Conflict of interest statement: “I am a Locum GP; Member of Te Aho o Te Kahu Clinical Assembly and Member of Health Quality and Safety Commission Patient Experience of Care Governance Group and national Mortality Review Committee”.

Associate Professor Marama Muru-Lanning (Waikato, Ngāti Maniapoto, Ngāti Whātua), Director of James Henare Research Centre and Principal Investigator with Te Pūnaha Matatini, and Dr Hilary Lapsley, Senior Research Fellow, James Henare Research Centre, comment:

“‘E kore tēnei whakaoranga e huri ki tua o aku mokopuna’: We must provide our children and their children with a better platform than the one we inherited’.

“Three years ago kaumātua and kuia from Waikato-Tainui greeted the announcement of the establishment of Te Aka Whai Ora, the Māori Health Authority as a signal that the vision of Princess Te Puea Herangi, their beloved leader in times past, would now come to fruition. After decades of pushing for Māori control of their own health initiatives, a new day was on the horizon.

“There is no way of knowing how much the health of older Māori will be set back by the disestablishment of Te Aka Whai Ora.
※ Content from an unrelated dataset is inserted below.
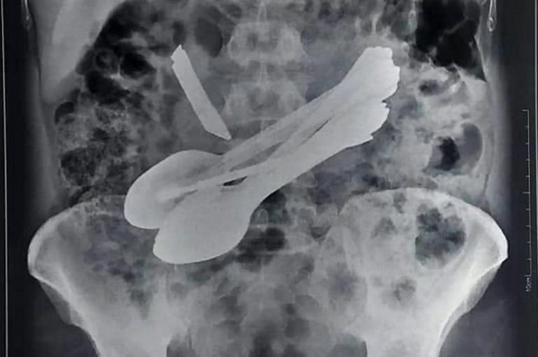 一名印度男子在因為疼痛而就醫後,就被緊急送往手術房,因為醫生不但在他的胃裡發現許多異物,其中一把他吞下的刀子還已經開始刺穿他的胃壁了。

Our research has shown that overwhelmingly, kaumātua are disappointed in health services. ‘The system is not designed for us,’ they say. ‘The way it works does not suit Māori.’ At the heart of their accounts is mistrust arising from violations of tikanga. Manaakitanga, the mutual process of hospitality, respect and kindness, is part of tikanga and is essential to trust. For the kaumātua we work with, it is difficult to achieve trust because of the
way Western-modelled health services are organised and delivered.

“It is a long road to closing the massive gap between kaumātua and older non-Māori health and life expectancy. But kaumātua are resilient and have their eyes on the future. Hoping that things will be better for their mokopuna gives them heart. The present government’s actions crush that hope.”

Conflict of interest statement: “We are undertaking research on kaumātua health and wellbeing funded by the Health Research Council.”